→ **The records**
________
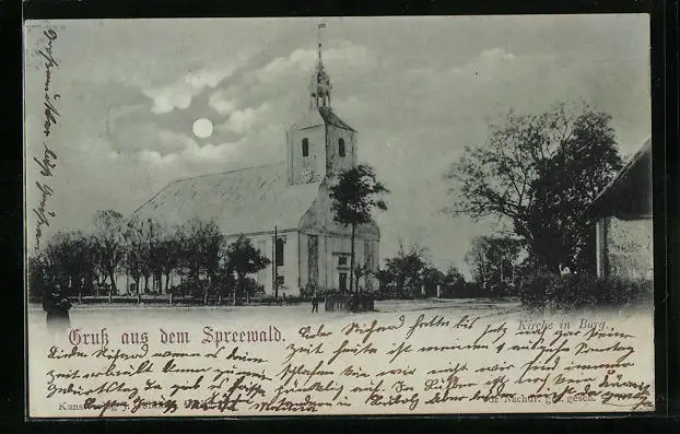 Mondschein-AK Burg i. Spreewald, Blick zur Kirche
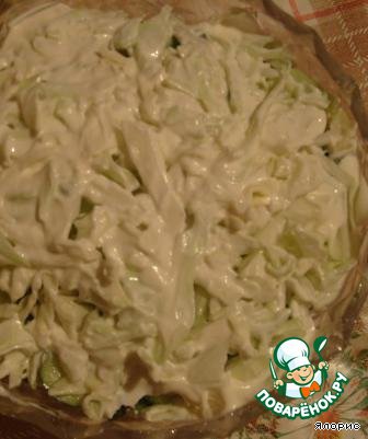 Мелко нарезанная и перетертая с солью для сочности капуста. Смазываем ее заправкой, последним слоем будет вновь лук. |
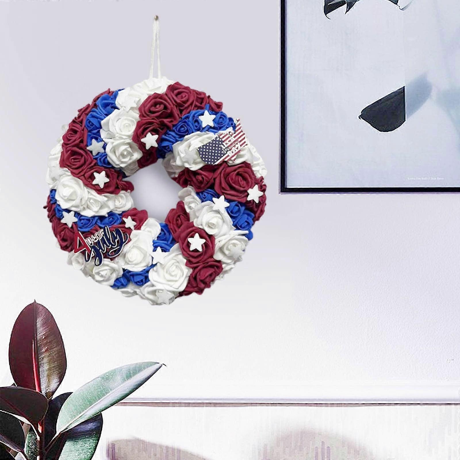 OYIGU Flower Wreath for Independence Day, American Flag Wreath Decoration Compatible with Home Walls, Porch, Outdoor & Indoor Holiday Supplies
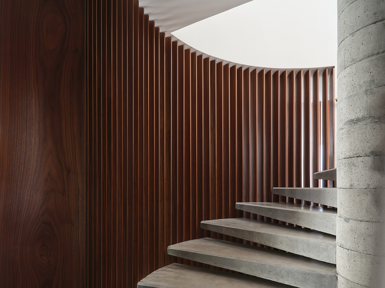 Esta espiral central no solo ordena la circulación, sino que establece un punto de encuentro que organiza, separa y conecta los espacios de forma fluida. Desde allí, se liberan dos zonas: una gran área social abierta y luminosa que dialoga con el exterior a través de amplias correderas de vidrio, y una planta superior más íntima, donde se disponen tres dormitorios conectados por una sala de estar familiar.
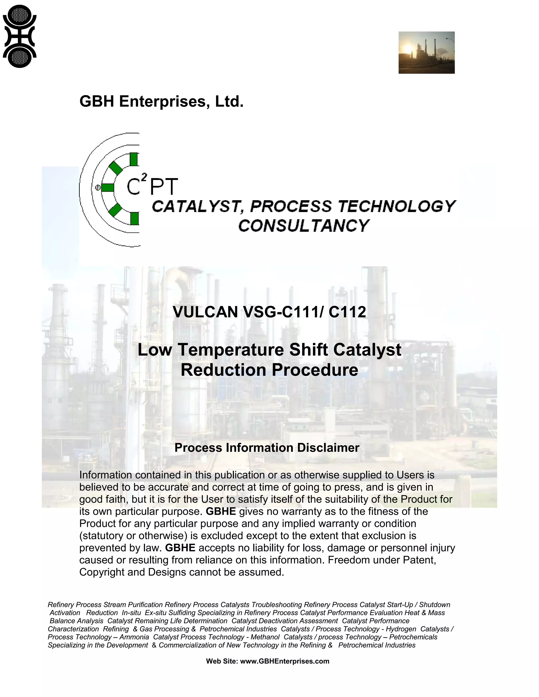 The document outlines the reduction procedure for the Vulcan VSG-C111/C112 low temperature shift catalyst, emphasizing the importance of controlled conditions to avoid thermal damage during the process. It details the steps required for safely activating the catalyst, including temperature management and gas flow specifications, and provides contingencies for potential issues like excessive temperature rises. The document also highlights key equipment requirements and safety considerations for successful catalyst performance in refining and petrochemical industries.
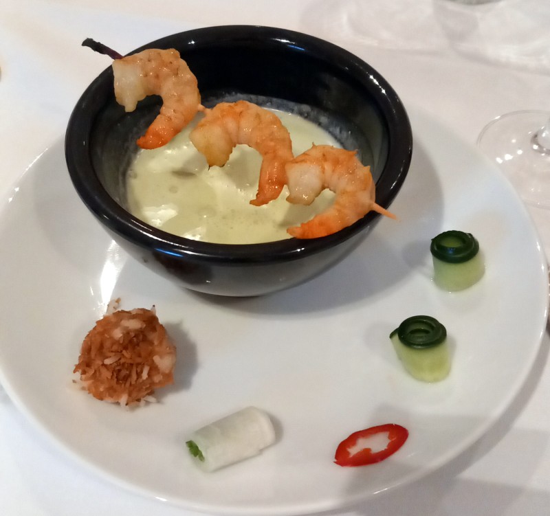 Saté van tijgergarnaal met koude kokossoep
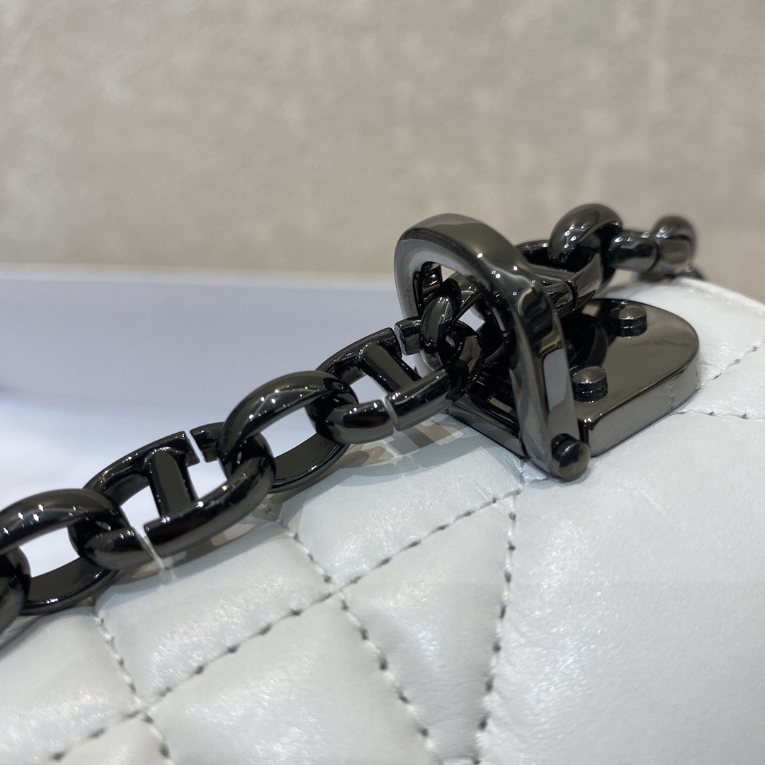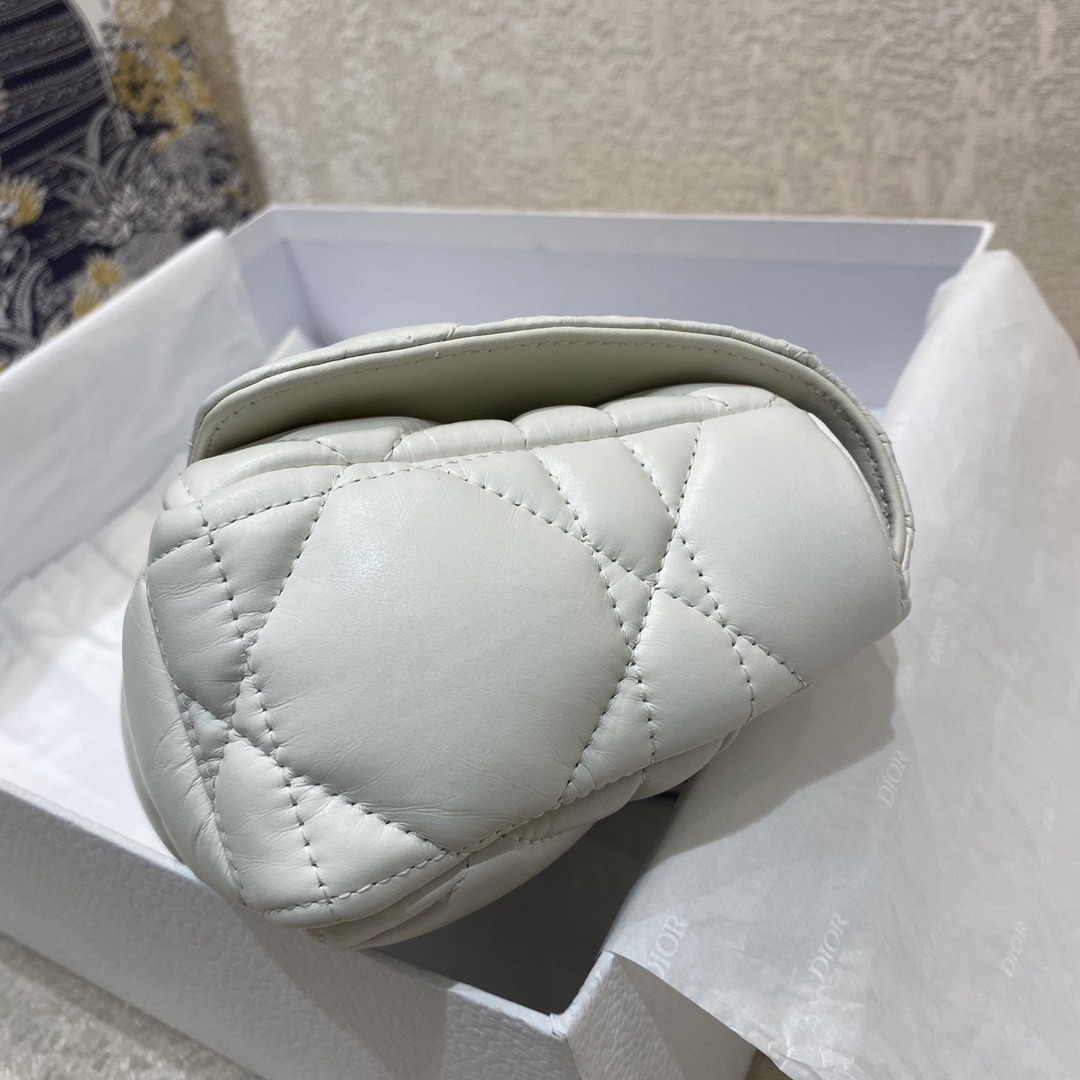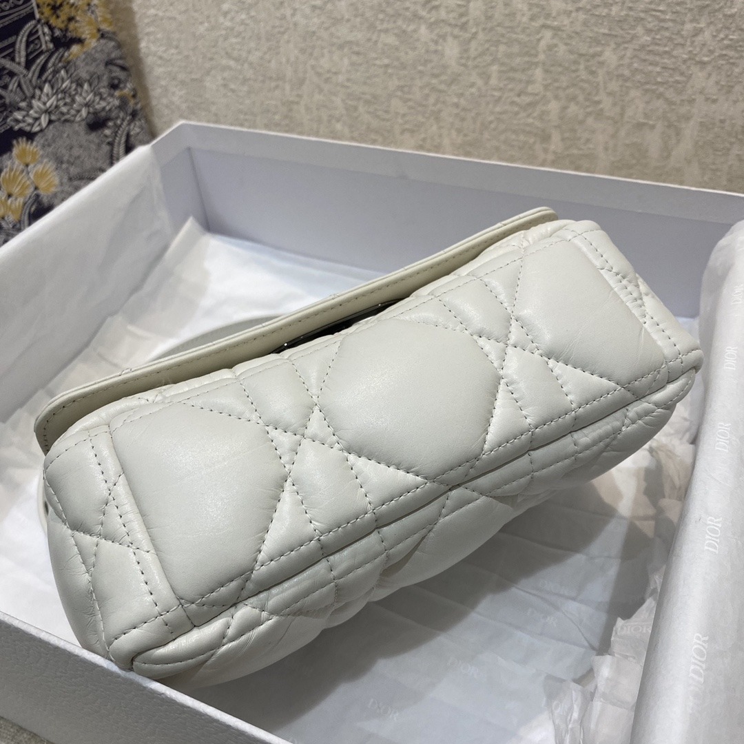 The Dior Caro bag combines modernity with timeless elegance. The design is crafted in white supple with Cannage stitching. The bag features a flap adorned with an antique metal ‘CD’ twist clasp, inspired by the seal of a Christian Dior perfume bottle. The detachable chain shoulder strap with ‘CD’ signature links allows it to be carried by hand, over the shoulder or crossbody, or replaced by one of the House’s wide embroidered straps, allowing the large bag to pair with day or evening attire.
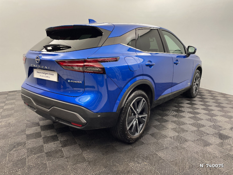 Alarme périmétrique / Antenne aileron de requin / Badges e-POWER / Buses de ventilation AR / Cache-bagages amovible / Chargeur à induction pour Smartphone 15W / Ciel de toit Noir / Clignotants AV et AR LED / Combiné d'instrumentation digital avec écran 12,3'' TFT / Commandes au volant: contrôle de l'ordinateur de bord, audio, téléphone, régulateur et limiteur de vitesse / Compartiment pour lunettes de soleil / Crochets d'arrimage (6) dans le coffre / Deuxième port USB AV (USB-A et USB-C) / Double port USB AR (USB-A et USB-C) / Eclairage d'ambiance (contre-portes et console centrale) / Eclairage du coffre (x2) / Feu stop central LED / Feux de détresse à déclenchement automatique / Feux de route intelligents avec 12 fasceaux indépendants / Feux diurnes LED avec système Follow Me Home / Frein à main électrique avec aide au stationnement/démarrage et fonction Autohold / Freinage d'urgence anticollision AR / Freinage d'urgence intelligent avec détection piétons, cyclistes et intersections / Habillage console centrale et contre-portes en TEP / Hayon électrique avec ouverture mains libres / Insert de pare-chocs AR Gris satiné / Kit de réparation pneumatique / ABS et EBD / Accoudoir central AR avec porte-gobelets (2) / NBAS (amplificateur de freinage d'urgence) / Nissan Connect Services / Ouverture des portières AR à 85° / Pack Navigation / Pack ProPilot / Pare-soleil côté conducteur et passager avec miroir de courtoisie éclairé / Peinture opaque monoton / Plancher de coffre modulable / Poignées de maintien AV et AR / Poignées de maintien pour passager AV et AR / Points d'ancrage pour sièges enfants ISOFIX à l'AR (x2) / Port USB AV (USB-A) / Porte-gobelets AV (x2) / Prise 12V dans le coffre / ProPILOT Park : technologie de stationnement automatique / Repose-genoux en TEP (Tissu Enduit) / Rétroviseur intérieur électrochromatique / Sélection du mode de conduite (ECO, STANDARD et SPORT) / Sellerie mixte TEP/Tissu Noir Bleuté ou Gris Clair / Siège conducteur avec réglage lombaire électrique 8 voies / Siège passager avec réglage lombaire manuel 2 voies / Système "Chassis Control" (contrôle actif de trajectoire et de l'assiette) / Système d'alerte anticollision AR intelligent avec détection des objets en mouvement / Système d'alerte prédictif anticollision frontale / Système d'ouverture et de démarrage sans clé "Intelligent key" / Technologie e-Pedal Step / Trappe de carburant sans bouchon / Vitres électriques avec mode impulsionnel AV et AR et commande à distance / Volant et pommeau de levier de vitesses gainé cuir / Liseuses AV et AR
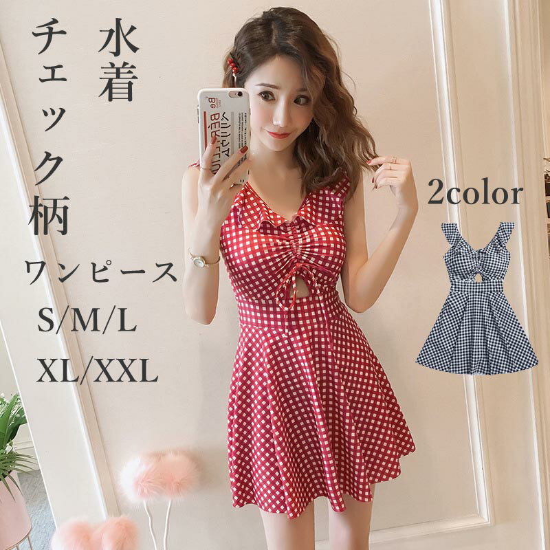 水着 ビキニ レディース ワンピース 体型カバー オトナ女子 女性用 チェク柄 シンプル カジュアル おしゃれ オトナ 谷間メイク バスト 盛れる かわいい セパレート フリルスカート
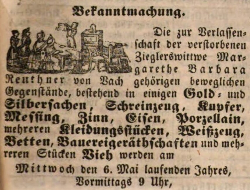 | Dateiinfo (Bild-Unterschrift und Info-Box, automatisch erstellt) | Erbsache der verstorbenen "Zieglerswittwe Margarethe Barbara Reuthner" in Vach, April 1846 Lizenz: NoC-NC 1.0 | ||
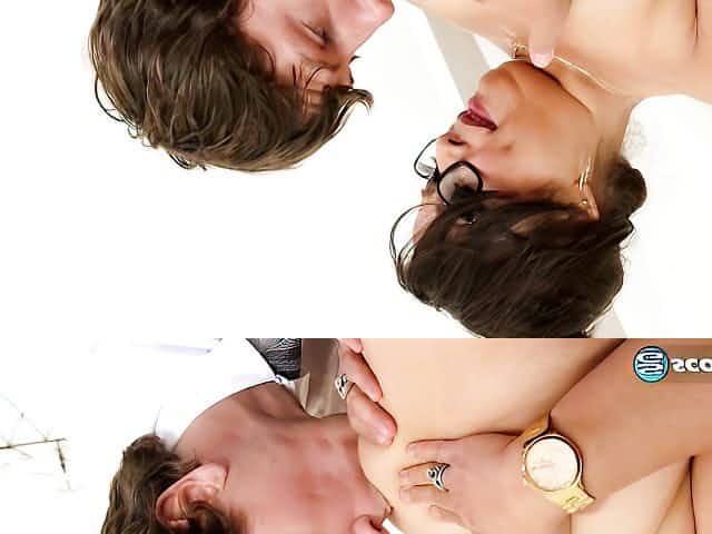 Busty beauty Maya Luna is sucking a pretty huge cock of a younger friend
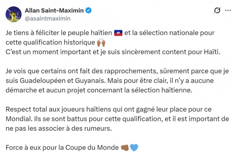 加入海地国度队?圣马克西曼社媒辟谣:莫得这么的打算
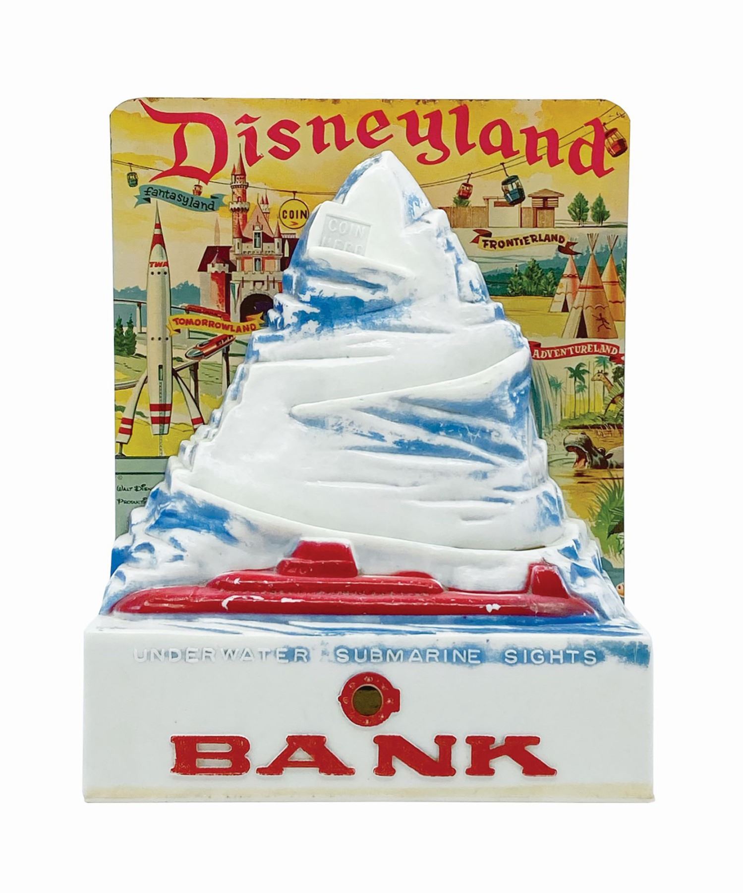 (Disneyland, 1959) A very rare coin bank produced in the opening year of the Matterhorn Bobsleds attraction. Celebrating the newly opened Submarine Voyage as well, the toy's base has a viewer that reveals an underwater rendering of the attraction. This rare early park souvenir is considered by many to be one of the top Disneyland toys of all-time. Measuring 6"x2.5" and 7.5" tall, the bank is in good condition with wear throughout the surface paint on the plastic elements and minor edge wear to the tin and plastic elements.
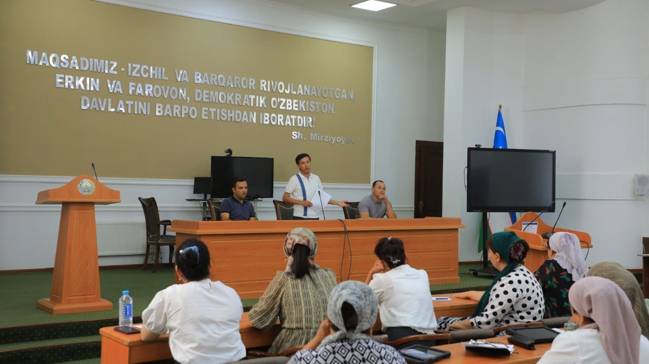 Унга кўра, “Аёллар дафтари”га олинган хотин-қизларга кўрсатилган ёрдамларни “Аёллар дафтари” платформасига киргизиш ҳолати ҳамда Ўзбекистон Республикаси Президентининг «Маҳаллаларда ижтимоий хизматларни кўрсатиш ва ижтимоий ҳимояга муҳтож оилаларга ёрдам бериш тизимини янги босқичга кўтариш ҳамда хотин-қизларни касбга ўргатиш ишларини янада жадаллаштириш» тўғрисидаги ПҚ-300-сонли қарорининг тумандаги ижроси таҳлиллар асосида муҳокама этилиб, камчиликларни бартараф этиш юзасидан аниқ вазифалар белгилаб олинди.
________
→ **What is required**
Could every record be given again exactly, with its pictures left out?

→ **Task result**
 Mondschein-AK Burg i. Spreewald, Blick zur Kirche
 Мелко нарезанная и перетертая с солью для сочности капуста. Смазываем ее заправкой, последним слоем будет вновь лук. |
 OYIGU Flower Wreath for Independence Day, American Flag Wreath Decoration Compatible with Home Walls, Porch, Outdoor & Indoor Holiday Supplies
 Esta espiral central no solo ordena la circulación, sino que establece un punto de encuentro que organiza, separa y conecta los espacios de forma fluida. Desde allí, se liberan dos zonas: una gran área social abierta y luminosa que dialoga con el exterior a través de amplias correderas de vidrio, y una planta superior más íntima, donde se disponen tres dormitorios conectados por una sala de estar familiar.
 The document outlines the reduction procedure for the Vulcan VSG-C111/C112 low temperature shift catalyst, emphasizing the importance of controlled conditions to avoid thermal damage during the process. It details the steps required for safely activating the catalyst, including temperature management and gas flow specifications, and provides contingencies for potential issues like excessive temperature rises. The document also highlights key equipment requirements and safety considerations for successful catalyst performance in refining and petrochemical industries.
 Saté van tijgergarnaal met koude kokossoep
 The Dior Caro bag combines modernity with timeless elegance. The design is crafted in white supple with Cannage stitching. The bag features a flap adorned with an antique metal ‘CD’ twist clasp, inspired by the seal of a Christian Dior perfume bottle. The detachable chain shoulder strap with ‘CD’ signature links allows it to be carried by hand, over the shoulder or crossbody, or replaced by one of the House’s wide embroidered straps, allowing the large bag to pair with day or evening attire.
 Alarme périmétrique / Antenne aileron de requin / Badges e-POWER / Buses de ventilation AR / Cache-bagages amovible / Chargeur à induction pour Smartphone 15W / Ciel de toit Noir / Clignotants AV et AR LED / Combiné d'instrumentation digital avec écran 12,3'' TFT / Commandes au volant: contrôle de l'ordinateur de bord, audio, téléphone, régulateur et limiteur de vitesse / Compartiment pour lunettes de soleil / Crochets d'arrimage (6) dans le coffre / Deuxième port USB AV (USB-A et USB-C) / Double port USB AR (USB-A et USB-C) / Eclairage d'ambiance (contre-portes et console centrale) / Eclairage du coffre (x2) / Feu stop central LED / Feux de détresse à déclenchement automatique / Feux de route intelligents avec 12 fasceaux indépendants / Feux diurnes LED avec système Follow Me Home / Frein à main électrique avec aide au stationnement/démarrage et fonction Autohold / Freinage d'urgence anticollision AR / Freinage d'urgence intelligent avec détection piétons, cyclistes et intersections / Habillage console centrale et contre-portes en TEP / Hayon électrique avec ouverture mains libres / Insert de pare-chocs AR Gris satiné / Kit de réparation pneumatique / ABS et EBD / Accoudoir central AR avec porte-gobelets (2) / NBAS (amplificateur de freinage d'urgence) / Nissan Connect Services / Ouverture des portières AR à 85° / Pack Navigation / Pack ProPilot / Pare-soleil côté conducteur et passager avec miroir de courtoisie éclairé / Peinture opaque monoton / Plancher de coffre modulable / Poignées de maintien AV et AR / Poignées de maintien pour passager AV et AR / Points d'ancrage pour sièges enfants ISOFIX à l'AR (x2) / Port USB AV (USB-A) / Porte-gobelets AV (x2) / Prise 12V dans le coffre / ProPILOT Park : technologie de stationnement automatique / Repose-genoux en TEP (Tissu Enduit) / Rétroviseur intérieur électrochromatique / Sélection du mode de conduite (ECO, STANDARD et SPORT) / Sellerie mixte TEP/Tissu Noir Bleuté ou Gris Clair / Siège conducteur avec réglage lombaire électrique 8 voies / Siège passager avec réglage lombaire manuel 2 voies / Système "Chassis Control" (contrôle actif de trajectoire et de l'assiette) / Système d'alerte anticollision AR intelligent avec détection des objets en mouvement / Système d'alerte prédictif anticollision frontale / Système d'ouverture et de démarrage sans clé "Intelligent key" / Technologie e-Pedal Step / Trappe de carburant sans bouchon / Vitres électriques avec mode impulsionnel AV et AR et commande à distance / Volant et pommeau de levier de vitesses gainé cuir / Liseuses AV et AR
 水着 ビキニ レディース ワンピース 体型カバー オトナ女子 女性用 チェク柄 シンプル カジュアル おしゃれ オトナ 谷間メイク バスト 盛れる かわいい セパレート フリルスカート
 | Dateiinfo (Bild-Unterschrift und Info-Box, automatisch erstellt) | Erbsache der verstorbenen "Zieglerswittwe Margarethe Barbara Reuthner" in Vach, April 1846 Lizenz: NoC-NC 1.0 | ||
 Busty beauty Maya Luna is sucking a pretty huge cock of a younger friend
 加入海地国度队?圣马克西曼社媒辟谣:莫得这么的打算
 (Disneyland, 1959) A very rare coin bank produced in the opening year of the Matterhorn Bobsleds attraction. Celebrating the newly opened Submarine Voyage as well, the toy's base has a viewer that reveals an underwater rendering of the attraction. This rare early park souvenir is considered by many to be one of the top Disneyland toys of all-time. Measuring 6"x2.5" and 7.5" tall, the bank is in good condition with wear throughout the surface paint on the plastic elements and minor edge wear to the tin and plastic elements.
 Унга кўра, “Аёллар дафтари”га олинган хотин-қизларга кўрсатилган ёрдамларни “Аёллар дафтари” платформасига киргизиш ҳолати ҳамда Ўзбекистон Республикаси Президентининг «Маҳаллаларда ижтимоий хизматларни кўрсатиш ва ижтимоий ҳимояга муҳтож оилаларга ёрдам бериш тизимини янги босқичга кўтариш ҳамда хотин-қизларни касбга ўргатиш ишларини янада жадаллаштириш» тўғрисидаги ПҚ-300-сонли қарорининг тумандаги ижроси таҳлиллар асосида муҳокама этилиб, камчиликларни бартараф этиш юзасидан аниқ вазифалар белгилаб олинди.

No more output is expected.